Pianse ogni lacrima che aveva in corpo, ogni lacrima che per mesi aveva tenuto dentro di se, urlò tutto il suo dolore e singhiozzò talmente forte che le fece male lo stomaco.

Pianse per il suo amore che se n'era andato e l'aveva dimenticata, pianse per la vita incerta che l'attendeva, pianse perché lasciare Nampara significava lasciare l'unico luogo che avesse sentito casa sua da quando era nata, pianse per i suoi bambini che sarebbero cresciuti senza un padre e senza alcuna certezza... Pianse perché era disperata ed aveva paura, perché era stanca e debole e non riusciva a riprendersi, pianse perché non avrebbe avuto nessuno a cui appoggiarsi, sarebbe stata sola e ogni decisione sui bambini sarebbe stata una sua esclusiva responsabilità. Pianse per Jeremy che aspettava ancora un padre che non lo voleva più e che forse non lo aveva nemmeno mai amato, pianse pensando a cosa avrebbe detto ai suoi figli da grandi, quando gli avrebbero chiesto di lui...

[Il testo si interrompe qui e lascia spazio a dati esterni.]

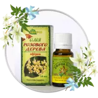 5 крапель олії розового дерева чи композиції олій змішати з 10 г основи (крему, тоніка, маски, гелю та інші).
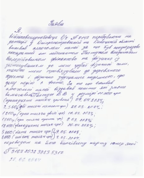 Заява військового щодо вимагання грошей і побиття

Pianse per ore, pianse senza riuscire a fermarsi dopo che per mesi si era imposta di non farlo. Garrick, che riposava per terra accanto al letto, saltò sul materasso e si stese al suo fianco, leccandole dolcemente una guancia. Le rimase vicino, in silenzio, senza abbandonarla, dandole quell'amore discreto e puro che solo i cani sanno dare. Lo strinse a se, cercando come da bambina, di trovare in lui un appiglio per non sprofondare. Bagnò il cuscino, le lenzuola, la sua camicia da notte e pian piano si sentì più leggera e la morsa allo stomaco si attenuò. E poi, sfinita, si addormentò e cadde in un sonno breve ma profondo, buio e senza sogni né incubi. Le lacrime si asciugarono sulle sue guance lasciando una traccia di sale sul suo viso e sulle sue labbra e dormì, cercando in quel sonno la pace per rialzarsi, cenare e ricominciare a vivere.

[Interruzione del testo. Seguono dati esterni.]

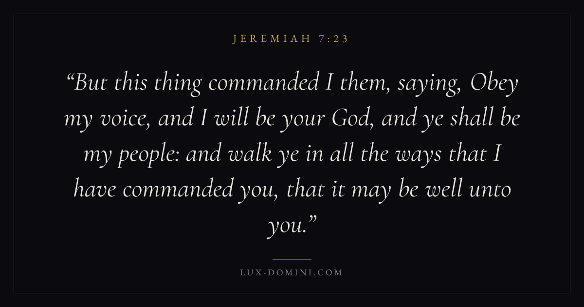 But this thing commanded I them, saying, Obey my voice, and I will be your God, and ye shall be my people: and walk ye in all the ways that I have commanded you, that it may be well unto you.

Fu il profumo della zuppa a svegliarla, che arrivò alle sue narici dalla fessura sotto la porta. Sapeva di carne, di carote e di patate, di casa e di serate invernali attorno al camino.

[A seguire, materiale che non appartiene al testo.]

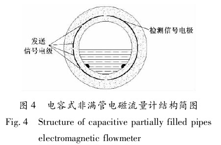 ②電容式非滿管污水廠出水用電磁流量計h。電容式非滿管污水廠出水用電磁流量計結(jié)構(gòu)簡圖如圖4所示。、檢測信號電* 發(fā)送信號電
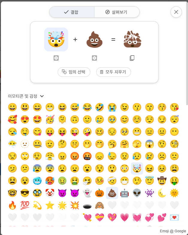이모지를 두가지 선택하면 두 이모지를 조합한 새로운 그림이 나오는데 너무 귀엽습니다. ㅋㅋㅋ
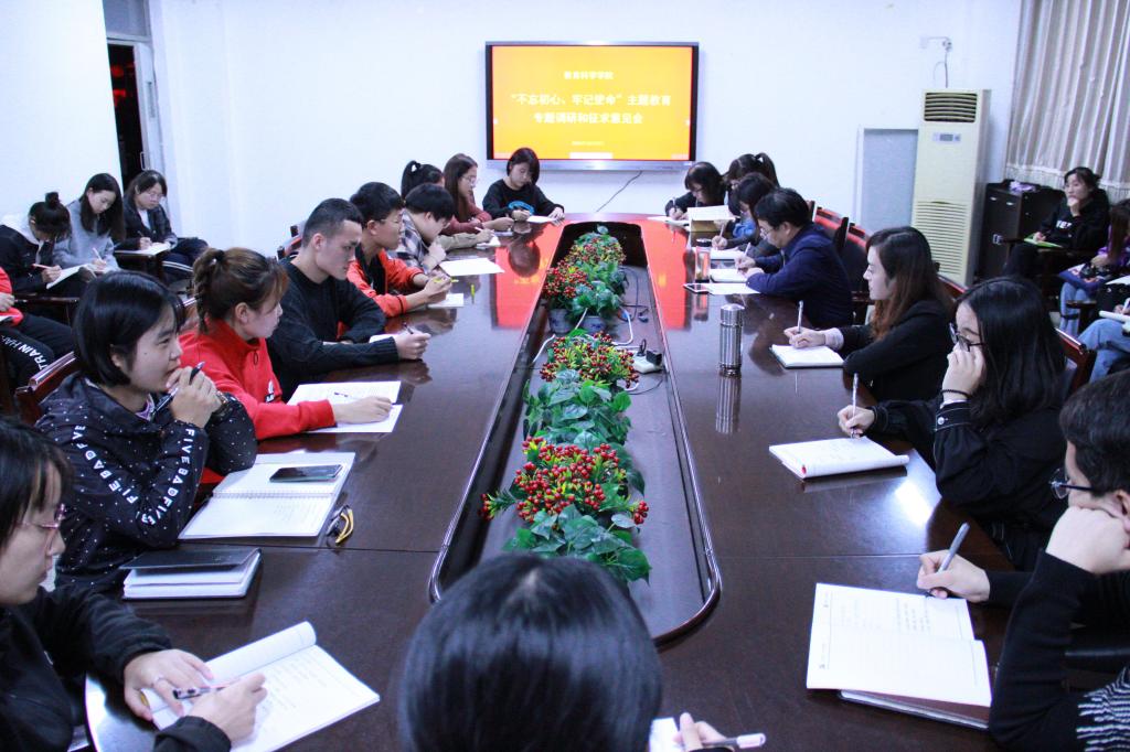 10月9日下午,禁漫之家 召开“不忘初心、牢记使命”主题教育专题调研和征求意见会。院党委书记吴文国、党委副书记高霞,专职辅导员周颖,心研社党支部党员代表、学院八个社团的社长及成员代表、团委学生会的学生干部代表参加了调研。

Si costrinse ad alzarsi, ricordando quanto promesso a Jeremy. Era sfinita, si sentiva svuotata di tutto ma, per la prima volta da mesi, incredibilmente leggera. Era debole, il pianto e lo stomaco vuoto l'avevano spossata ma in un certo senso si sentiva più forte di poche ore prima.

Forse Prudie aveva ragione, aveva bisogno di piangere per riprendere a vivere...

Si guardò allo specchio, sembrava un fantasma da quanto era pallida e non voleva essere così. No, i suoi figli non l'avrebbero vista in quello stato, aveva loro e loro erano un valido motivo per vivere.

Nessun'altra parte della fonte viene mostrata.